Closed andrewrlee closed 11 years ago

andrewrlee commented 11 years ago

Hi,

I was wondering if it you have considered making single BooleanAsserts validate based on their sole call:

so you could do:

    assertThat(list.isEmpty());

rather than:

    assertThat(list.isEmpty()).isEqualTo(true);

When first using festAssertions I occasionally forgot and this lead to me being stung, by thinking that invalid assumptions were actually valid (as they were not being evaluated).

I guess your implementation may not allow this (which I confess I haven't read) - but if it is possible then I would argue that it is readable and less error prone.

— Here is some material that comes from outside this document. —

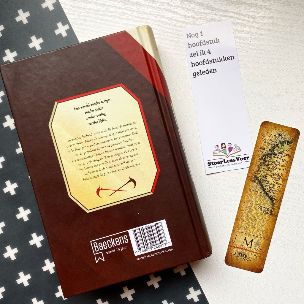 Wauw, ik zet dit krachtige vier letterwoord weer graag in. Wat heb ik genoten van Zeis. Vooraf had ik niet verwacht dat ik het zo goed zou vinden. Het verhaal, een dystopie (of utopie?) van een wereld zonder honger, zonder ziekte, zonder oorlog en zonder lijden. Maar met Zeisen. Want ook de dood is overwonnen. Het boek roept vele interessante vraagstukken op, en had ik al gezegd dat ik ervan genoten heb? Zelfs twee keer in een intro is nog te weinig.
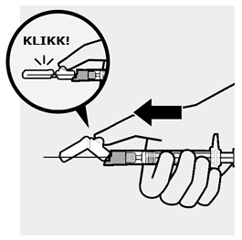 Etter at injeksjonen er fullført, bruk tommelen eller en rett flate til å sikre kanylen i sikkerhetsmekanismen. Kanylen er sikret når det høres et “klikk”.

I apologize if this has been asked before but I couldn't find anything in the issue search.

Cheers, Andy

joel-costigliola commented 11 years ago

Hi Andy,

The implementation indeed does not allow your suggestion but you have several options to write an equivalent assertion, let me show you them.

First option : use specific boolean assertion

assertThat(list.isEmpty()).isTrue();

This is lighter than using isEqualTo and more "boolean" oriented, I would pick this one over your option

But there is another option which is better :

assertThat(list).isEmpty();

As readable as your suggestion, as a strongly typed assertion (on List type), it has the advantage of giving a relevant error message because it knows you are checking some collection size (which could not be done with your suggestion).

My advice would be to always use assertThat(objectToCheck). and then use IDE auto completion to see what assertions are available and use the more type specific ones.

Hope I have convinced you ! :) (in that case, please close this issue) Cheers,

Joel

andrewrlee commented 11 years ago

The isEmpty on list was just an example - it's quite often useful to check boolean flags on custom objects.

I had missed the: assertThat(list.isEmpty()).isTrue();

and that is nice and I will use that in the future rather than isEqualTo.

I still think that it is easy for new users to mistakenly just assume that you can do an assertThat(boolean) without any chaining and that it will be checked but fair enough, I'll close the issue.